En attendant le stockage et l'hydrogène

De là à parler de retournement du marché de l’énergie, il y a un quand même un pas. L’investissement dans les centrales à gaz s’est maintenu en 2016, mais principalement là où la production de gaz est importante, c’est-à-dire aux États-Unis, dans le Moyen-Orient et en Afrique du Nord. Mais en Europe, malgré 4 GW d’investissements dans de nouvelles capacités, les fermetures annoncées de centrales dépassent les nouveaux investissements, explique l’IEA. Quant aux dépenses consacrées aux réseaux d'électricité et au stockage, elles ont régulièrement augmenté au cours des cinq dernières années, atteignant un niveau record de 277 milliards de dollars en 2016, dont 30 % tirés par la Chine.

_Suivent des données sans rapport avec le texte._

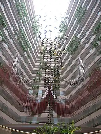 Designed by John Portman, the hotel has one of the largest open atriums in Southeast Asia, which rises through 21 levels and is permeated by natural light. Each of the 575 rooms is accessed from the balconies overlooking the atrium, and has views of the Singapore harbour and the city skyline.

Or GE est bien placé sur ce marché, et ce d’autant plus depuis l’acquisition de la division énergie d’Alstom. Malgré les faibles prix de l’énergie l'investissement dans l'efficacité énergétique a encore augmenté, atteignant 231 milliards de dollars en 2016.

Sans parler du stockage. Selon une analyse de Bloomberg New Energy Finance, le marché des batteries électriques va être multiplié par 64 d’ici 2030 pour atteindre une puissance de 125 gigawatts. Certes, mais "ce marché du stockage reste balbutiant, observe Nicolas Goldberg. Des acteurs comme Saft, racheté par Total, ont du mal à dégager une rentabilité. On n’est pas sur un marché mûr susceptible de porter 6 000 à 7 000 emplois dans des usines. Même en Chine, on reste sur des unités industrielles de taille raisonnable."

Quant à l’hydrogène, dont la production par hydrolyse à partir d’électricité d’origine si possible renouvelable lui permettrait de s’inviter dans le mix énergétique mondial, on est encore moins loin de la maturité industrielle. Mais c’est peut-être une piste d’avenir pour transformer l’outil industriel dans grands équipementiers.